To Greg’s original question, now what? First I’d expound the merits of version control systems. You can’t possibly reproduce software if you can’t put your hands on the source code, and you can’t reproduce software as it existed at a particular point in time without revision history. Then I’d emphasize that version control is necessary but not sufficient. When people first understand version control, they tend to think it takes care of all their reproducibility problems when in fact it’s just the first step. I’d share some war stories of projects that have taken many hours to build even though we had all the source code. (If I had a semester rather than an hour, I’d let them experience this for themselves rather than just telling them about it by bringing in some outside projects for them to rebuild.) I’d also emphasize that it’s not enough to put code in version control: data needs to be versioned as well.
Once they grok version control, I’d discuss automation. When a process is 99% automated and 1% manual, the reproducibility problems come from the 1% that is manual. The principle behind many reproducibility tools is automating steps that are otherwise manual, undocumented, and error-prone. (See Programming the last mile.)
Finally, I’d emphasize the need for auditing. As I pointed out in an earlier post “You cannot say whether your own research is reproducible.

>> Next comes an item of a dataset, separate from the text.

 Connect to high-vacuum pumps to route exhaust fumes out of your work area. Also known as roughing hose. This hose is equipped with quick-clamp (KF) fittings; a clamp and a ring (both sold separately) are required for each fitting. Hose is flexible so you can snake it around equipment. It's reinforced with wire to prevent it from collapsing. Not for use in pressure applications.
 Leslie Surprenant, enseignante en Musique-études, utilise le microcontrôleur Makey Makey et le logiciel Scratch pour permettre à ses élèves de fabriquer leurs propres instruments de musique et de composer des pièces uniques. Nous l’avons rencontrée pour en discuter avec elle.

It’s reproducible when someone else can reproduce it.” Again if I had a semester rather than an hour, I’d let them experience this by having them reproduce each other’s assignments. I could hear it now: “What do you mean you can’t reproduce my homework? It’s all right there!”
Greg Wilson and I have been discussing the importance of tools in reproducible research lately. Would more people use reproducibile research practices if tools made doing so more convenient? Would better tools appear if more people cared about reproducibility?

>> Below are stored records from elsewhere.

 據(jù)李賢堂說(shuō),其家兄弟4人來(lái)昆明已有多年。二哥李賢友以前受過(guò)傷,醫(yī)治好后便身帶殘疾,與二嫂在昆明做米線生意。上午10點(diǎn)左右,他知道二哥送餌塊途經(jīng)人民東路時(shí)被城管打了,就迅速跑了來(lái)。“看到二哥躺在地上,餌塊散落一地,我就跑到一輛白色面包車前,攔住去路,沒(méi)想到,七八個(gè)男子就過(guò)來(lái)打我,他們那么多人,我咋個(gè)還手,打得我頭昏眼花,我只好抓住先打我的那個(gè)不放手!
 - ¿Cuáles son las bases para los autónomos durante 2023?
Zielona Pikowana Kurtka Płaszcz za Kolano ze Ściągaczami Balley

I believe both statements are true, and I believe Greg does as well. However, he and I have different emphases. Greg says “In my experience, most people won’t adopt a programming practice unless there is at least some basic support for it.” I agree, but I think the biggest obstacle to more widespread reproducibility is that few people realize or care that their work is irreproducible. I think that when more people care about reproducibility, some percentage of them will develop and give away tools and we’ll have enough tool support.
We are not in a chicken-and-egg scenario. It’s not as if Greg is saying first we need tools and I’m saying first we need users. We have both tools and users. There are people who care about reproducibility, and some of them have produced tools that make it easier for others to follow. But not many of these people know each other or know about their tools. I hope that the ReproducibleResearch.org web site and this blog will change this.
It help to look at the early history of object oriented programming. Some people were writing object oriented programs before there were (popular) object oriented languages. For example, some people were writing object oriented C before C++ baked support for OO into the language. This was painful, but some pioneers did it. To Greg’s point, the number of programmers writing OO programs took off once there were OO languages with good tool support. To my point, first there were programmers wanting to write OO code; these were the folks who developed the tools and the early adopters of the tools.